Он выходит из леса на вершину холма над особняком. Земля на крутом склоне не вспахана, холм покрыт гутыми зарослями папоротника. Мальчик спускается к дому, спотыкается о длинный побег, падает ничком и кубарем катится по склону. Остановить падение легко, нужно лишь ухватиться за стебли или корни, но мальчик не желает останавливаться. Так, кувыркаясь через голову, он хочет скатиться к изножью холма. Когда упираешься головой в землю, то на миг кажется, что склон – это равнина; освещенные окна дома таинственно мерцают, словно огни на дальнем горизонте. Когда голова отрывается от земли, то будто летишь по небу. Пес бежит следом, восторженно лая, обнюхивая заросли. Каждый кувырок – точно дверь, которая то распахивается, то захлопывается. Равнина – распахивается – небо – захлопывается – равнина – распахивается – небо – захлопывается, и влажно пахнет папоротником. Хлоп, стук, хлоп, стук. Равнина. Из коровника доносится звук льющейся воды.

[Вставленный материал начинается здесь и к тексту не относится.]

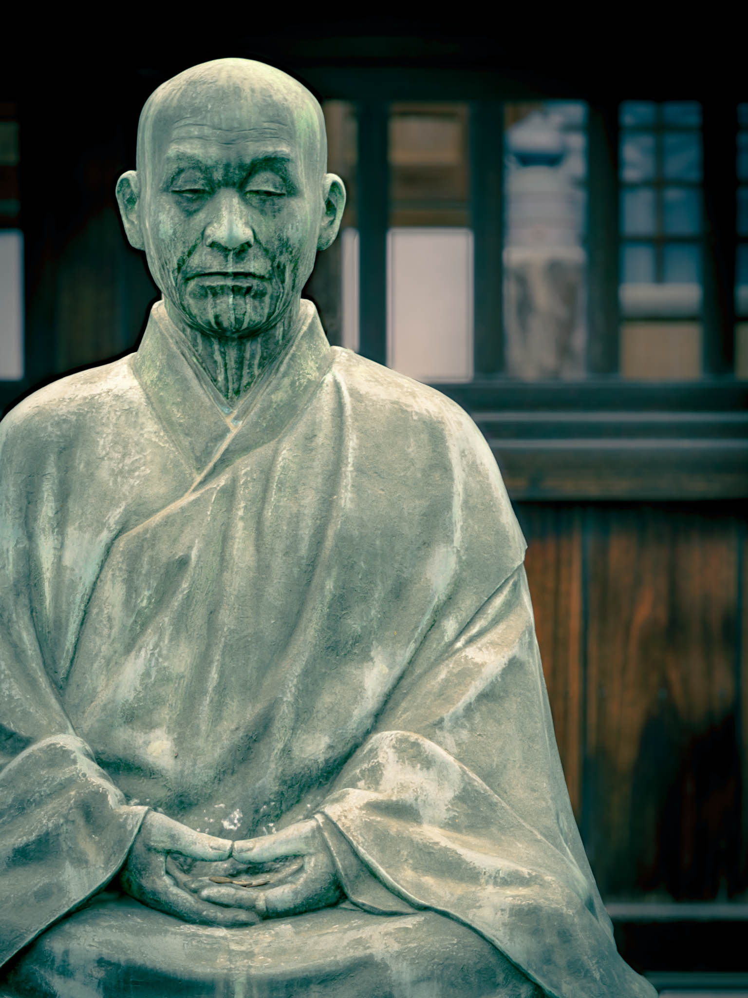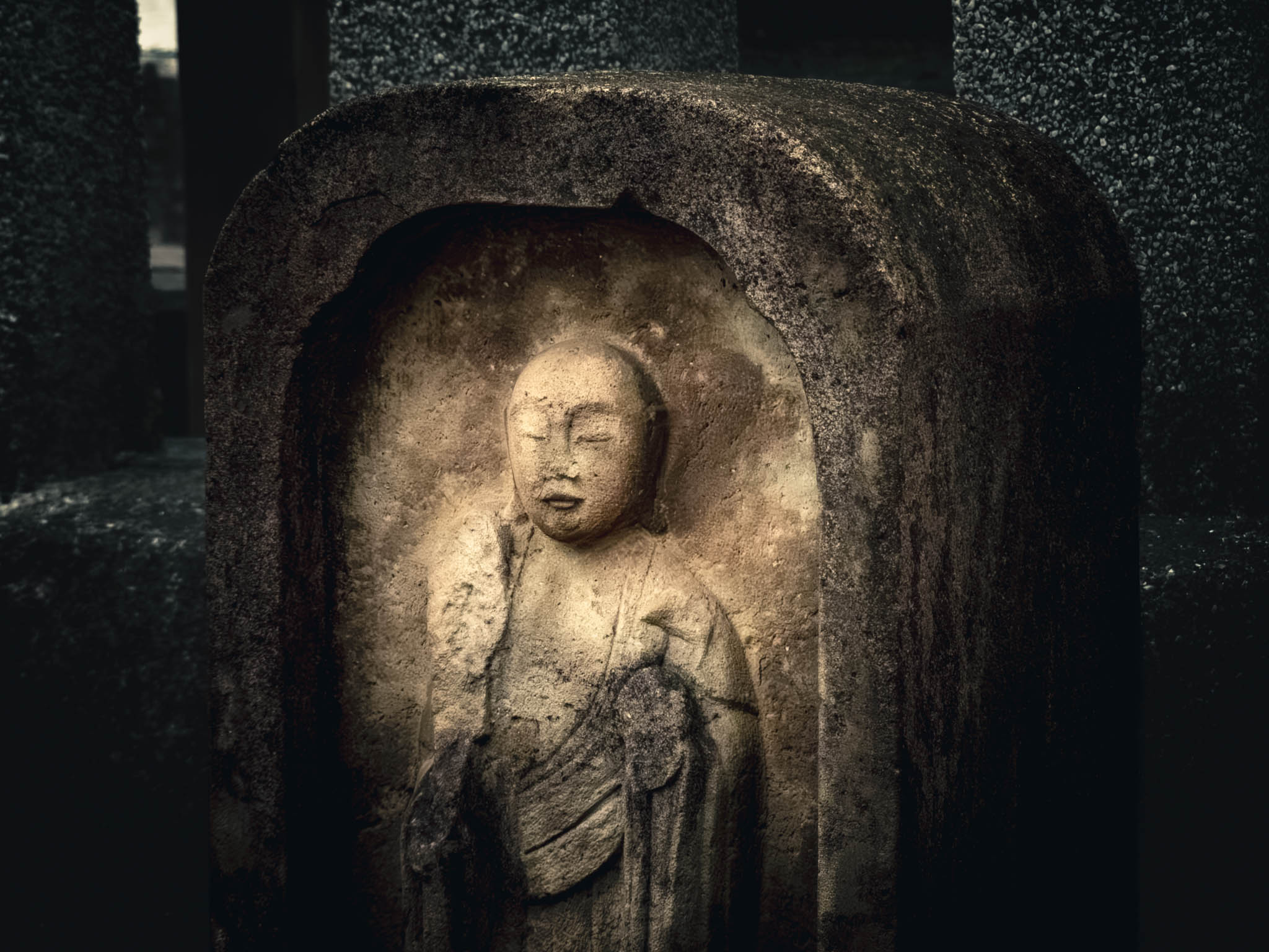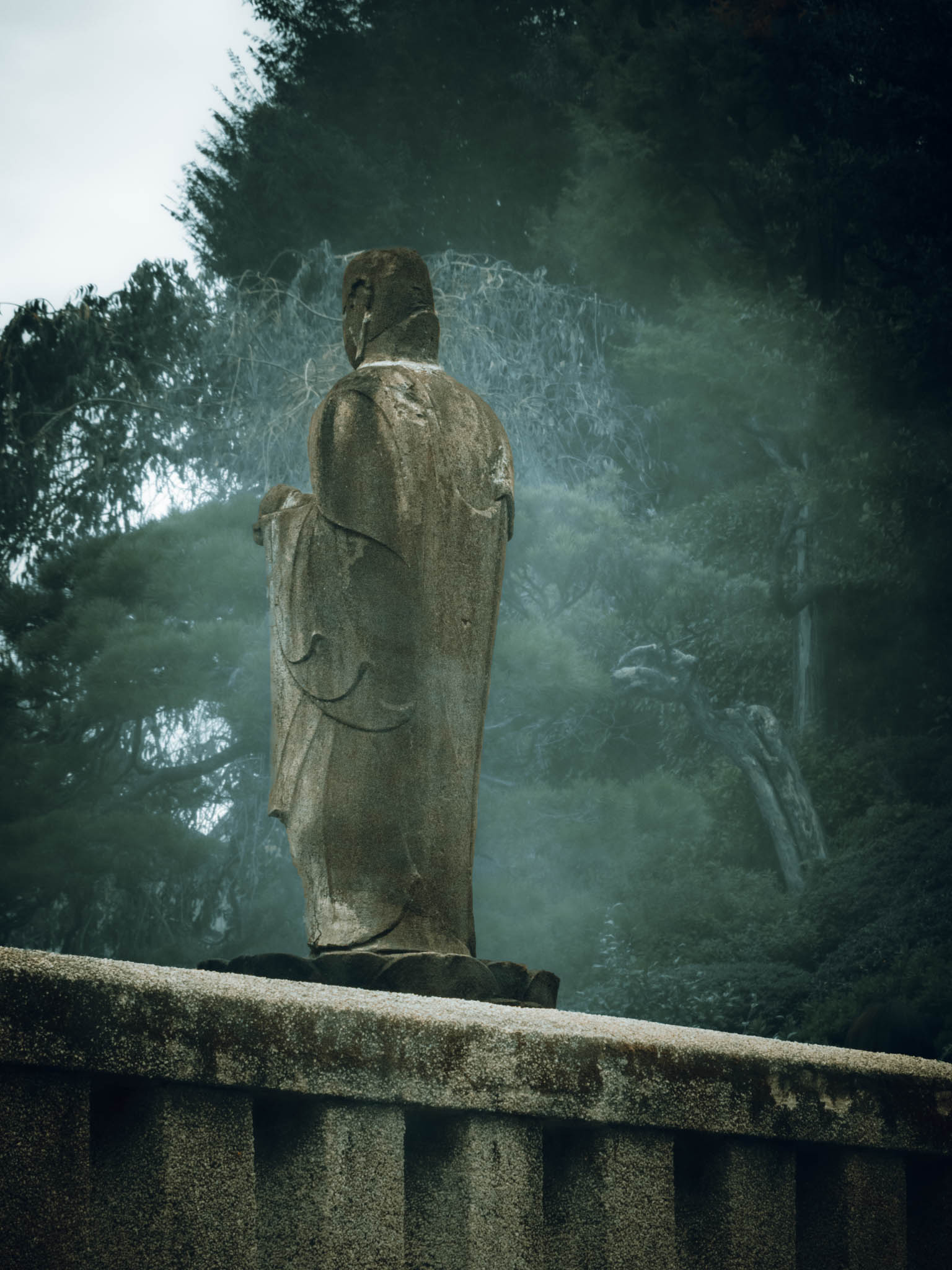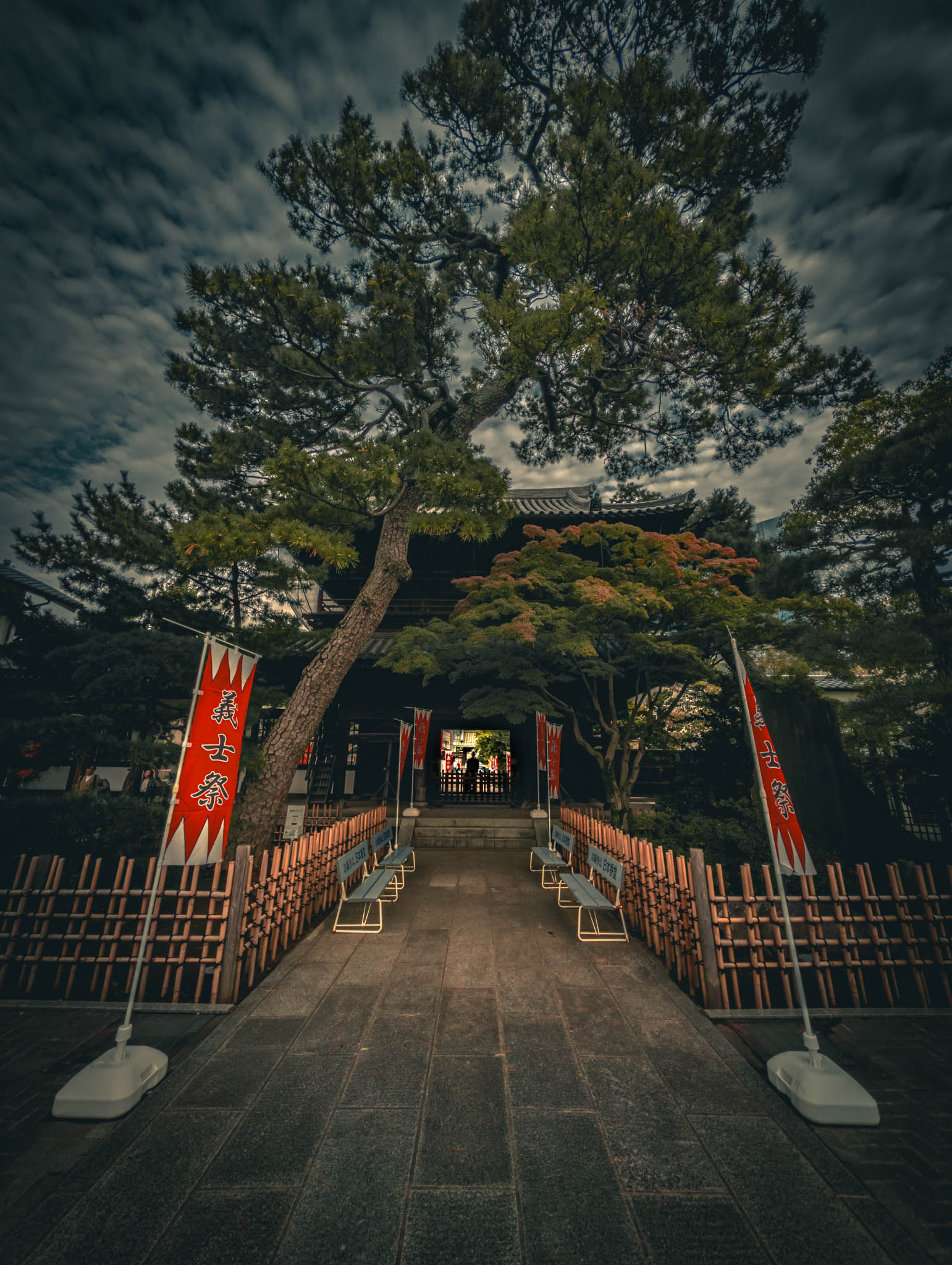So reasonably, one should place two of the little burning sticks in front of each monument. Circulating among the graves and through the drifting bluish scented clouds of smoke in the growing shadows, I found myself preoccupied with anxiety that I was going to run out sticks before I ran out of graves. Had I “done” this monument — or that one — already? What if I short-changed one or more of the vengeful ronin? Would they be offended?

После этого случая в лесу мальчик часто взбирается на холм, к лесной опушке, и нарочно скатывается по склону.
Однажды повариха застает его за этим занятием.
– Шею сломаешь, – говорит она.
– Моя шея не сломается.
Мальчик увидел ветку, словно созданную для того, чтобы сбить его с лошади. Все последующие рассуждения, все предположения, возникающие в отношении возможности сделать выбор, были сметены в тот самый миг, когда он осознал, что ветка обязательно сбросит его с лошади.
Время отмеряют не цифрами на циферблате, а частотой наших предчувствий. Без них – перед веткой, возникающей над ушами скачущей лошади, – время претерпевает необычайные изменения. Его медлительность невозможно вообразить.
Мальчик лежит на кровати в хижине батрака и ждет, когда ход времени придет в норму. Как только это произойдет, он сможет застонать.
В хижине, похожей на сарай, куда поставили кровать, хлопочет старик. За окном видна яркая зелень листвы. На подоконнике стоит свеча. Постель покрыта старой попоной, которая пахнет влажной грязной тряпкой.
Старик разжигает огонь под почерневшим чайником. Потолок хижины пестрит бурыми разводами, местами штукатурка осыпалась, открывая дранки крыши. Бурые разводы похожи на застарелые пятна чая. Старик двигается медленно, с трудом. Очевидно, это тот самый старик, который, по словам дядюшки, умрет в работном доме.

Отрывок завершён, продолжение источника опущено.